INSTRUCTIONS FOR THE TASK: Everything in the entries except the pictures must be repeated exactly.

DATA FOR THIS TASK:
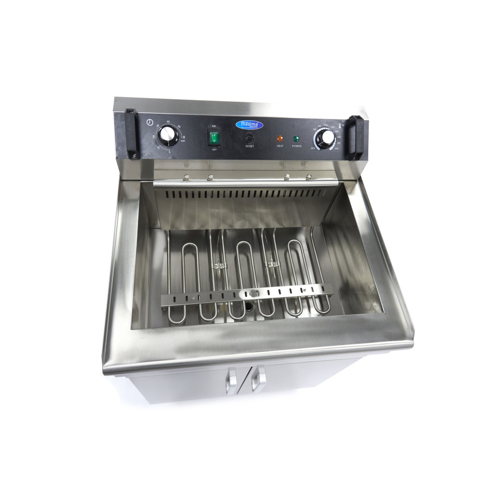 Tato profesionální extra velká fritéza pracuje s napájením 400 V a je vybavena ochranou proti přetížení. Díky studené zóně můžete fritovací olej používat déle. Topné těleso je umístěno několik centimetrů nad dnem fritézy. Protože olej není pod topným tělesem tak horký, drobky se méně rychle připalují. Olej tak zůstává déle čerstvý a nemusíte ho tak často měnit. Pomocí termostatu můžete nastavit teplotu v rozmezí 50 °C až 200 °C. K dispozici je také praktický časovač, takže potraviny se smaží přesně ve správný čas.
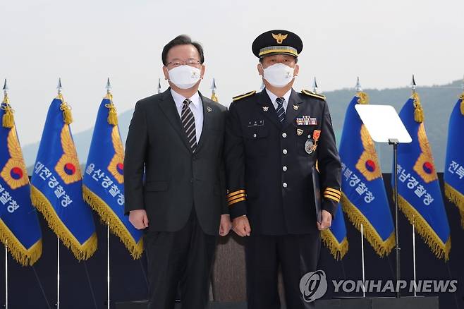 (아산=연합뉴스) 김주형 기자 = 김부겸 국무총리가 21일 오전 충남 아산시 경찰수사연구원에서 열린 경찰의 날 기념식에서 조성문 경기남부청 과학수사과 경위에게 옥조근정훈장을 수여한 뒤 기념 촬영하고 있다.
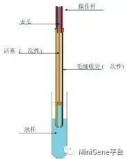 移液器的工作原理:活塞通过弹簧的伸缩运动来实现吸液和放液。
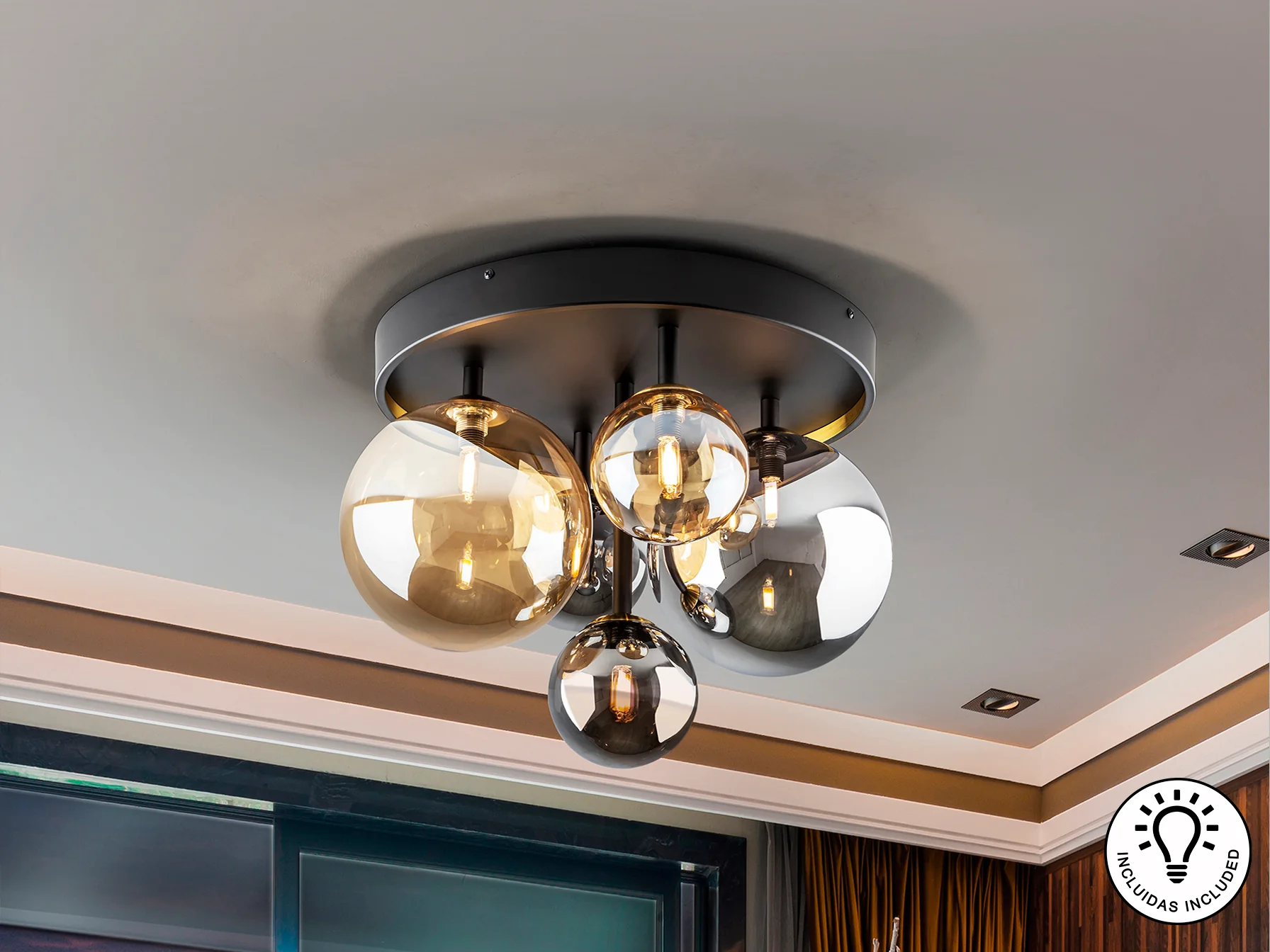 El plafón Dark destaca por su estructura de metal con acabado negro mate y detalles en latón satinado, que le confieren un aspecto moderno y elegante. Las tulipas de cristal esféricas, en dos tamaños y acabados (ámbar y gris smoke espejado), difunden la luz de manera uniforme, creando un ambiente cálido y acogedor. La combinación de materiales de alta calidad garantiza la durabilidad y resistencia del producto.
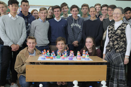 Между тем русский завтрак и три школьных часу в день с 9 до 12 часов стали обычным делом. Но никто не ожидал, что после репетиций как австрийских, так русских песен и гимнов мы будем два часа изучать смысл, производство и практичность «дымковской игрушки». Так же тихо, как на этих двух уроках, в нашем классе бывает редко, поскольку каждый может себе представить, как бабушка часами рисует керамическую фигуру, но мы редко бывает в этой ситуации.

TASK OUTPUT:
 Tato profesionální extra velká fritéza pracuje s napájením 400 V a je vybavena ochranou proti přetížení. Díky studené zóně můžete fritovací olej používat déle. Topné těleso je umístěno několik centimetrů nad dnem fritézy. Protože olej není pod topným tělesem tak horký, drobky se méně rychle připalují. Olej tak zůstává déle čerstvý a nemusíte ho tak často měnit. Pomocí termostatu můžete nastavit teplotu v rozmezí 50 °C až 200 °C. K dispozici je také praktický časovač, takže potraviny se smaží přesně ve správný čas.
 (아산=연합뉴스) 김주형 기자 = 김부겸 국무총리가 21일 오전 충남 아산시 경찰수사연구원에서 열린 경찰의 날 기념식에서 조성문 경기남부청 과학수사과 경위에게 옥조근정훈장을 수여한 뒤 기념 촬영하고 있다.
 移液器的工作原理:活塞通过弹簧的伸缩运动来实现吸液和放液。
 El plafón Dark destaca por su estructura de metal con acabado negro mate y detalles en latón satinado, que le confieren un aspecto moderno y elegante. Las tulipas de cristal esféricas, en dos tamaños y acabados (ámbar y gris smoke espejado), difunden la luz de manera uniforme, creando un ambiente cálido y acogedor. La combinación de materiales de alta calidad garantiza la durabilidad y resistencia del producto.
 Между тем русский завтрак и три школьных часу в день с 9 до 12 часов стали обычным делом. Но никто не ожидал, что после репетиций как австрийских, так русских песен и гимнов мы будем два часа изучать смысл, производство и практичность «дымковской игрушки». Так же тихо, как на этих двух уроках, в нашем классе бывает редко, поскольку каждый может себе представить, как бабушка часами рисует керамическую фигуру, но мы редко бывает в этой ситуации.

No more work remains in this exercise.